*What you will do*: Leaving the pictures aside, transcribe the data below exactly.

*Information supplied*:
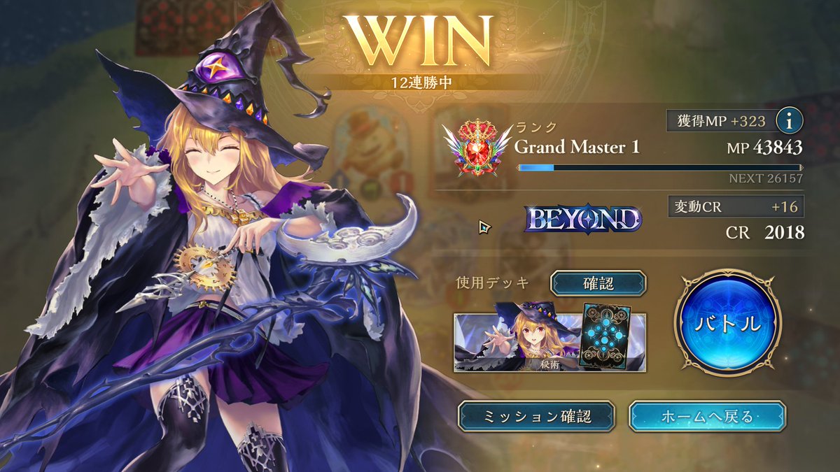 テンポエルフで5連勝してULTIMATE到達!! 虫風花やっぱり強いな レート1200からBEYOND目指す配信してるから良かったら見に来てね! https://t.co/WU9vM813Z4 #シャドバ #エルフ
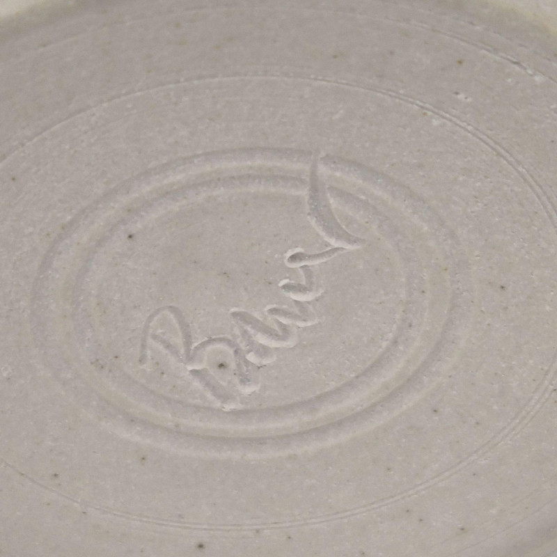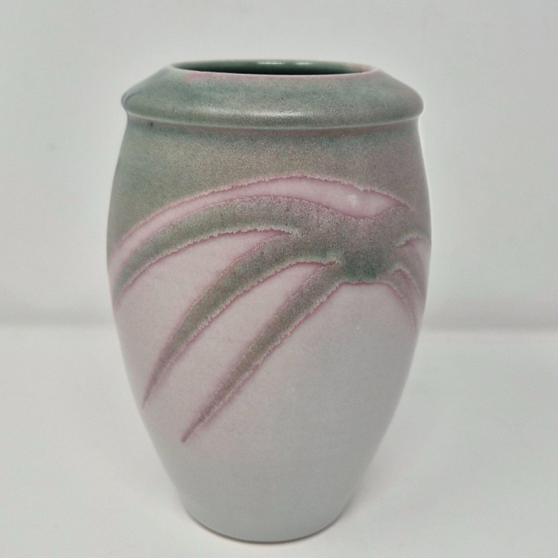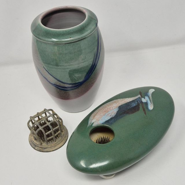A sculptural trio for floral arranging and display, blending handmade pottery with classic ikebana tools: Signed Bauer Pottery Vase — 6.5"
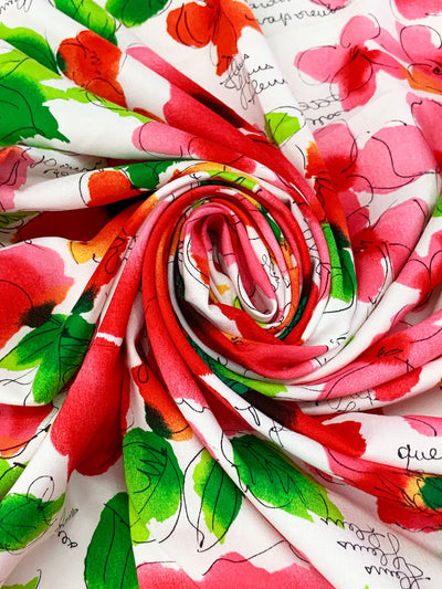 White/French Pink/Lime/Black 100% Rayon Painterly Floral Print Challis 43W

*Finished exercise*:
 テンポエルフで5連勝してULTIMATE到達!! 虫風花やっぱり強いな レート1200からBEYOND目指す配信してるから良かったら見に来てね! https://t.co/WU9vM813Z4 #シャドバ #エルフ
A sculptural trio for floral arranging and display, blending handmade pottery with classic ikebana tools: Signed Bauer Pottery Vase — 6.5"
 White/French Pink/Lime/Black 100% Rayon Painterly Floral Print Challis 43W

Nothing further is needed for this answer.